Your reply should be a faithful copy of the records below, free of pictures.

MATERIAL TO PROCESS section start

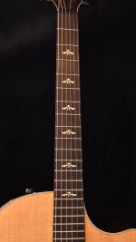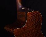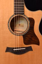 Taylor’s V-Class bracing is a fundamental innovation in acoustic guitar design. It marks an important evolution beyond traditional X-bracing, introducing an entirely new platform for acoustic performance. It is essentially a “sonic engine” that optimizes the response of an acoustic guitar in three key ways: by boosting volume, sustain, and by largely resolving the intonation (in-tune-ness) issues that have long plagued acoustic guitars. V-Class bracing creates purer, more orderly notes that don’t cancel each other out or sound “off”. They have clearer, more consistent response, and the whole fretboard is brought into greater sonic alignment for a more musical playing/listening experience. Guitars with V-Class bracing are easier to tune; the pitch sounds purer and more solid, and electronic tuners can more easily locate notes for quick, precise tuning. Other benefits: harmonics ring more uniformly down the neck, notes are louder with more projection and sustain, and notes are more consistent, i.e., upper register notes don’t get choked out or swallowed. Fewer “sour” sonic qualities exist with chords; a more agreeable relationship is created between notes as they ripen, bloom and decay.
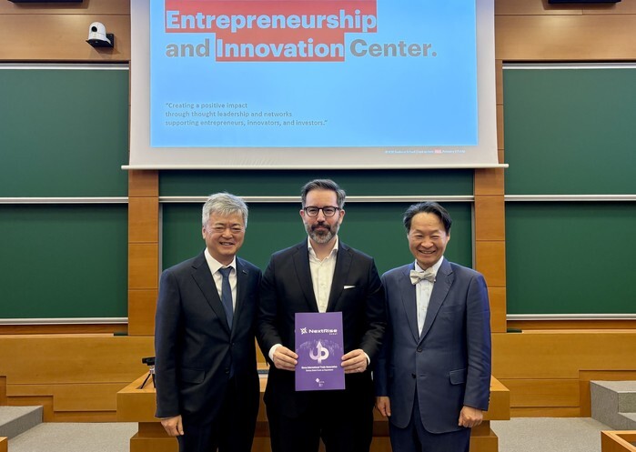 Lee In-ho (L), executive vice chairman of the Korea International Trade Association (KITA), poses for a photo with Josemaria Siota (C), executive director of IESE Business School's Entrepreneurship and Innovation Center, during their meeting in Barcelona on March 4, 2025, in this photo released by KITA. (PHOTO NOT FOR SALE) (Yonhap)
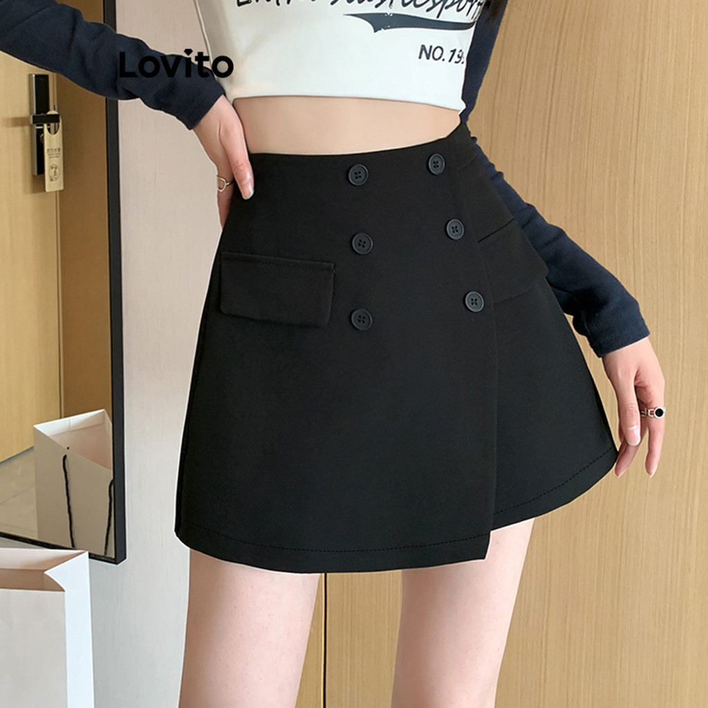 Lovito Saias Casuais Com Zíper Liso Para Mulheres LNE33162 (Cáqui/Cinza/Preto)
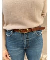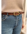 Elegante cinturón fino para mujer en color cuero.
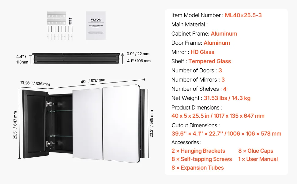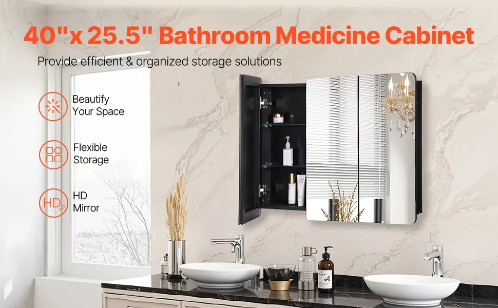 VEVOR Armadietto per Medicinali 1017 x 647 mm Armadietto per Medicinali a Specchio, 3 Ante a Specchio, Ripiani in Vetro Regolabili, Installazione a Incasso e a Parete, Telaio Alluminio di Alta Qualità

MATERIAL TO PROCESS section end

## EXERCISE SOLUTION
 Taylor’s V-Class bracing is a fundamental innovation in acoustic guitar design. It marks an important evolution beyond traditional X-bracing, introducing an entirely new platform for acoustic performance. It is essentially a “sonic engine” that optimizes the response of an acoustic guitar in three key ways: by boosting volume, sustain, and by largely resolving the intonation (in-tune-ness) issues that have long plagued acoustic guitars. V-Class bracing creates purer, more orderly notes that don’t cancel each other out or sound “off”. They have clearer, more consistent response, and the whole fretboard is brought into greater sonic alignment for a more musical playing/listening experience. Guitars with V-Class bracing are easier to tune; the pitch sounds purer and more solid, and electronic tuners can more easily locate notes for quick, precise tuning. Other benefits: harmonics ring more uniformly down the neck, notes are louder with more projection and sustain, and notes are more consistent, i.e., upper register notes don’t get choked out or swallowed. Fewer “sour” sonic qualities exist with chords; a more agreeable relationship is created between notes as they ripen, bloom and decay.
 Lee In-ho (L), executive vice chairman of the Korea International Trade Association (KITA), poses for a photo with Josemaria Siota (C), executive director of IESE Business School's Entrepreneurship and Innovation Center, during their meeting in Barcelona on March 4, 2025, in this photo released by KITA. (PHOTO NOT FOR SALE) (Yonhap)
 Lovito Saias Casuais Com Zíper Liso Para Mulheres LNE33162 (Cáqui/Cinza/Preto)
 Elegante cinturón fino para mujer en color cuero.
 VEVOR Armadietto per Medicinali 1017 x 647 mm Armadietto per Medicinali a Specchio, 3 Ante a Specchio, Ripiani in Vetro Regolabili, Installazione a Incasso e a Parete, Telaio Alluminio di Alta Qualità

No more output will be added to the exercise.